Meditation | I use the headspace app to help me do mind exercises. I do these when I am not feeling stressed or anxious so that when those feelings show up I can handle them better.
Ashwagandha | It is referred to as an indian ginseng that helps combat internal stress, boost the immune system, and improve the memory amongst other benefits. I take it as a daily supplement in capsule form but it can be ingested as a tea or powder.
Herbs & Plants | While living a friend who had years of organizing experience and extensive knowledge about plants, herbal medicine and spiritual herbalism I was able to try different herbs that were good for depression, anxiety, stress and grief. These include Damiana, Lavender, Oatstraw, Chamomile, St-John’s Wort, and Valerian.
Whole Foods | Not the supermarket. Eating whole foods, green foods, grounding foods high in vitamins and minerals gives me more energy and make me feel rooted. I am more active when I eat whole foods which leads me to…
Body Movement | Moving my body via dancing, exercising, or stretching takes my mind to another place, allows me to be present in that moment, and gives me a boost (endorphins) to conquer other things in that day.
Writing | I journal a lot. I use to observe my mami write in her journal when I was younger and have written in them since. I write thoughts that are in mind, letters to people, poems, intentions, prayers, recipes, etc. I just write it out.
Spirituality & Praying | I believe in a higher power! I talk to God every day to offer my gratitude on the days I feel joy and to ask him for strength on the days I feel uncertain. I am blessed to be guided by a God, Goddesses, my ancestors and spirits.

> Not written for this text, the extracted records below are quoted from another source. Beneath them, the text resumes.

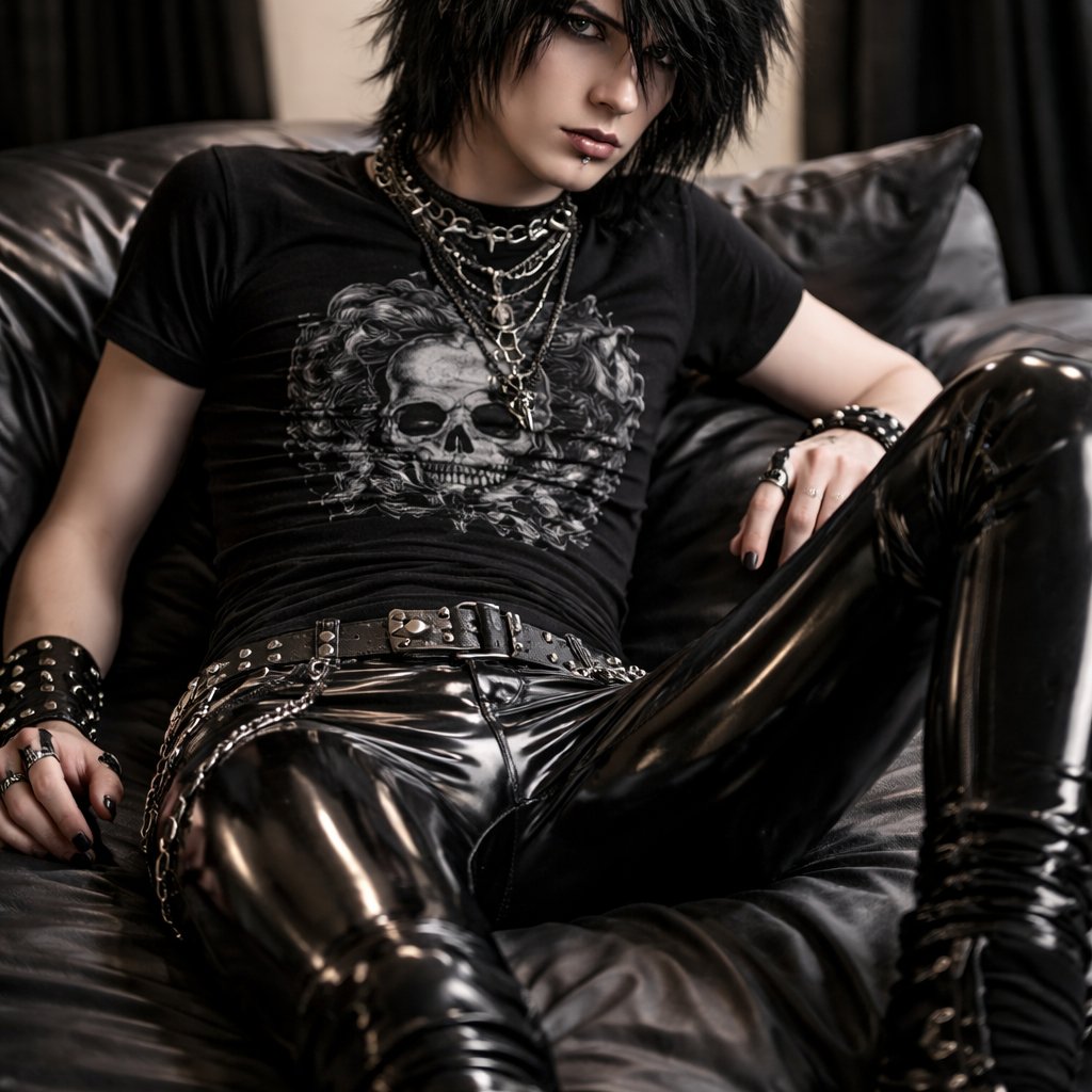 Cute Feminine emo boy in tight latex pants laying on his side smirking
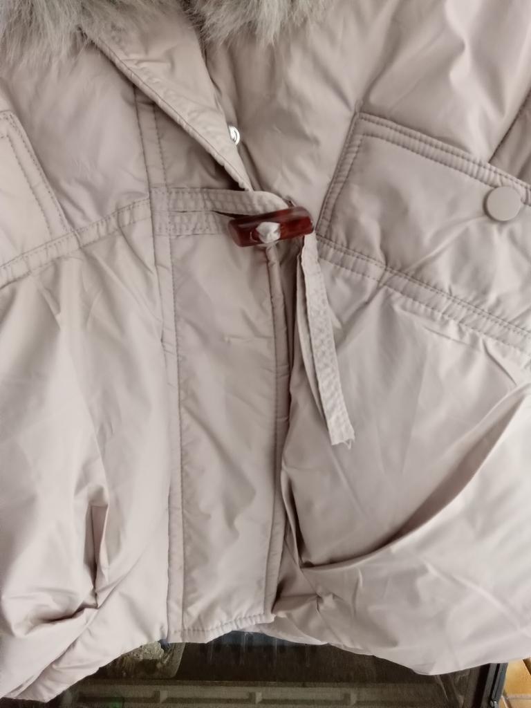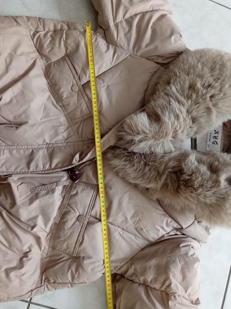 Zimní bunda s náplní a límcem z imitace kožešiny. 👍💝 Povrchové úpravy jsou provedeny správně, ale je malý. 👎😭
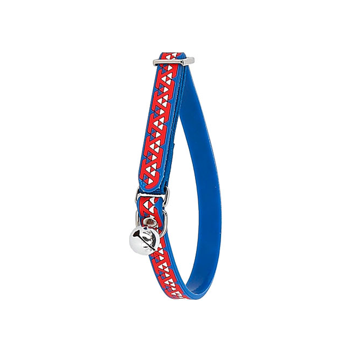 Deze kattenhalsband is vervaardigd uit PVC en voorzien van een bel en elastische inzet. Dankzij de elastische inzet en de schuifsluiting kan het bandje in noodgevallen gemakkelijker loslaten, voor de veiligheid van de kat.
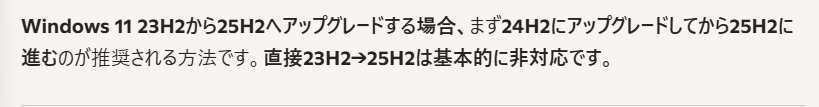 Windows11 24H2/23H2から25H2へアップグレードする方法
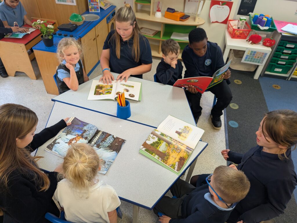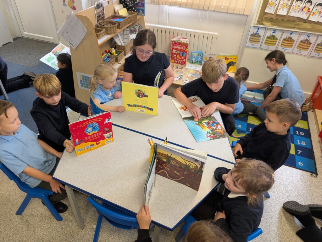 In our snuggle and story crew today, we were joined by year 6. Our F2 children chose a book and a buddy, with which the Y6 children then read to the F2 children. It was a lovely crew session! #LovePlover
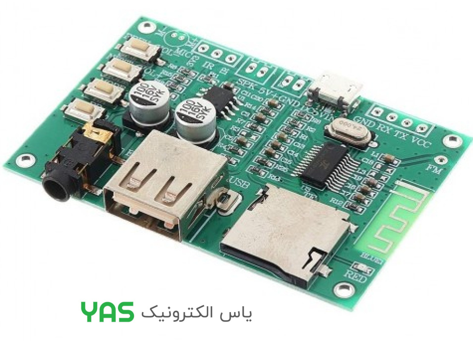 ماژول پخش موسیقی و صدای بلوتوث 3W دو حالته با ورودی AUX، کارت حافظه Micro SD و USB به همراه مدار بیسیم BT201
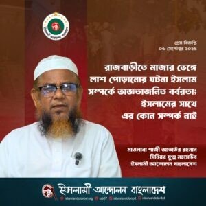 রাজবাড়ীতে মাজার ভেঙ্গে লাশ পোড়ানোর ঘটনা ইসলাম সম্পর্কে অজ্ঞতাজনিত বর্বরতা; ইসলামের সাথে এর কোন সম্পর্ক নাই September 6, 2025 বিস্তারিত পড়ুন »

Being Present | Staying in the now as much as I can. Focusing on the past and the future is a trigger for me and so being present to the day and moment I am in is helpful.
Holding Compassion | Dealing with any illness is hard! Having compassion for myself is something recent I am doing. I try to treat myself like a plant or a baby. Being gentle and kind with myself. Hydrating and nourishing myself. Getting some sun, doing as much or little as I can. Doing what feels good, what invites joy.
While my mental illness does not define me, it is a part of me. It influences how I eat, react, and what I create. My months of being in bed depressed and coping with my anxiety led to the idea for my business. Mental illness is real AND I am choosing to use it to create something I and my community can benefit from -- awareness, support, and compassion.
This essay is part of the the #52Essays2017 writing challenge I am participating in (along with 600+ people) created by the writer Vanessa Mártir as well as my #Breakthrough26 challenge where I do shit that scares me. Woosah!